After the White Sox traded Chris Sale, rumors flew that Jose Quintana would be on the move soon, as well. Quintana has been quite good for Chicago, but the club had no designs on contending in 2017. With four more years of control at under $40 million, Quintana was a valuable trade chip. The White Sox were right to expect a return for Quintana that rivaled their hauls for Chris Sale and Adam Eaton. Those demands weren’t met, however, and the White Sox entered the season with Quintana as their ace.

Looking at Quintana’s line so far this season — he has a 5.60 ERA and 4.28 FIP — it’s hard to imagine that his current trade value remains as high as it was this offseason. The main problem has been home runs. Let’s take a closer look.

First, some good news: Quintana has actually increased his strikeout rate relative to previous seasons. That mark stands at to 23.0% currently, higher than his career average of 20.1% and last year’s 21.6%. His walks have gone up, too, though: up to 8.6% from his career average and last year’s average around 6%. A 40% increase in walks is definitely something to note, but more alarming is Quintana’s home-run rate.
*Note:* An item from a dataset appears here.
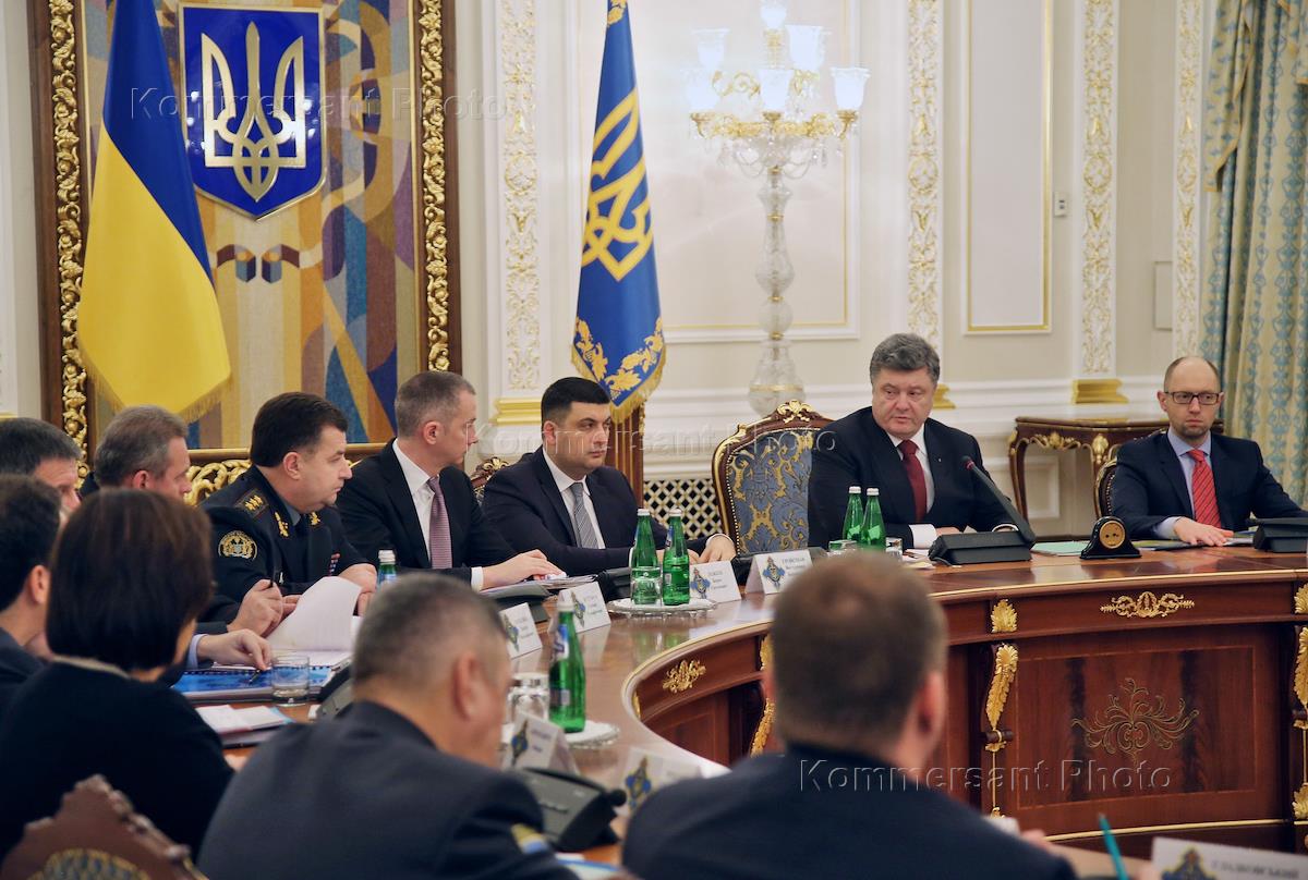 Премьер-министр Украины Арсений Яценюк во время заседания Совета национальной безопасности и…
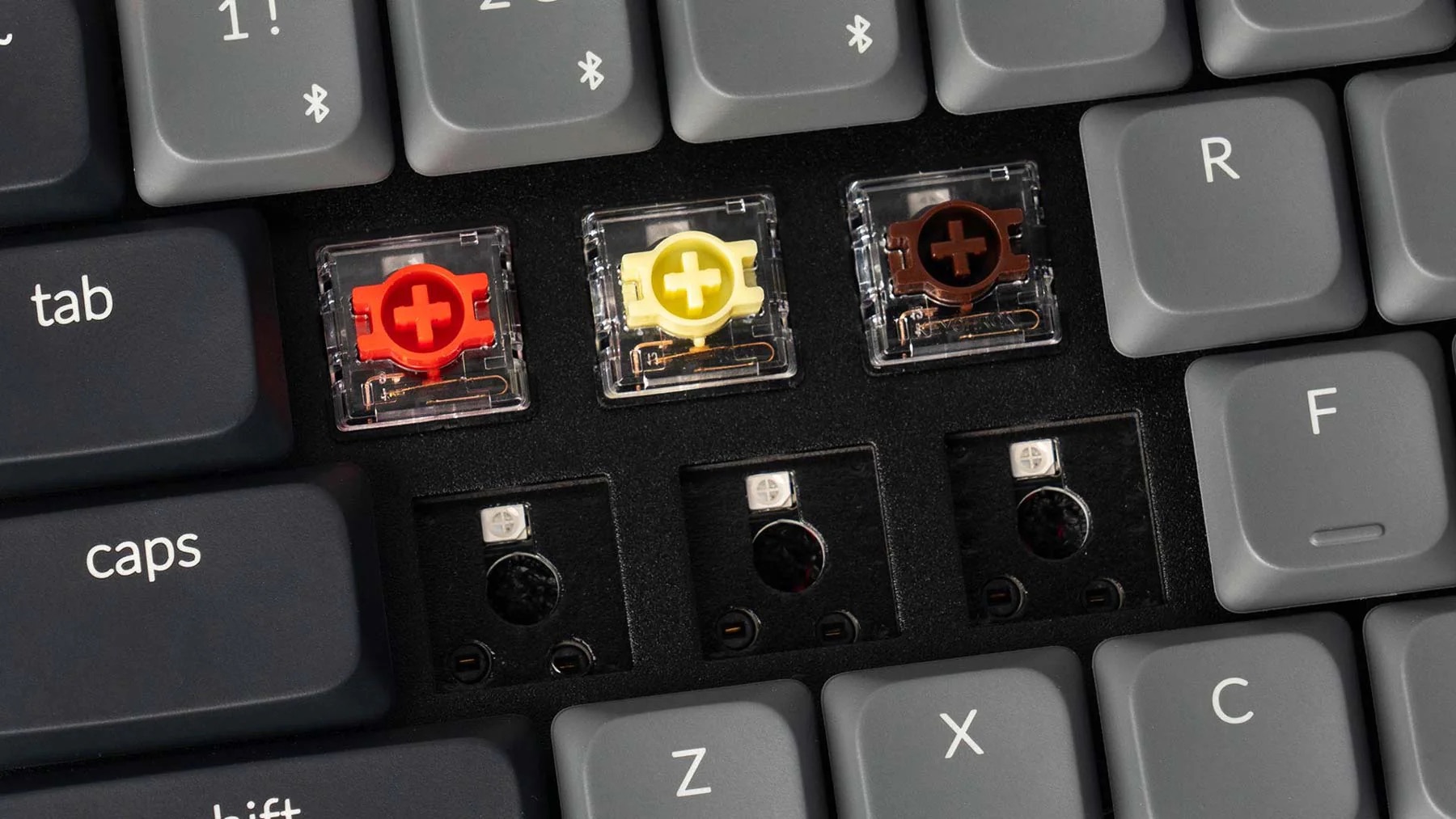 Vsi imamo svoje edinstvene preference pri tipkanju, zato pri različici 3 modela K3 ponujamo možnost zamenjave v vročem stanju, tako da lahko v nekaj sekundah preprosto zamenjate katero koli nizkoprofilno mehansko stikalo Keychron 2.0 in prilagodite svojo izkušnjo tipkanja brez spajkanja.

Here are Quintana’s relevant home-run statistics during his career:

Jose Quintana and Home Runs
Year HR/9 HR/FB
2012 0.92 10.5%
2013 1.04 10.2%
2014 0.45 5.1%
2015 0.70 8.6%
2016 0.95 9.5%
2017 1.40 13.0%
Career 0.84 9.1%

Quintana has been pitching in a tough pitcher’s park for the duration of his career, so the regularity with which he’s suppressed home runs would appear to be a bit of a skill at this point. That said, there’s definitely been a departure this season from his established levels. His walks seem to indicate he’s not quite the pitcher he has been, but a lot of other indicators check out. His velocity seems decent enough. He’s getting first-pitch strikes. He’s pitching in the zone roughly the same amount and swings in and out of the zone don’t seem overly alarming. The home runs are only a big deal to the extent they have a tangible effect on Quintana’s stat line.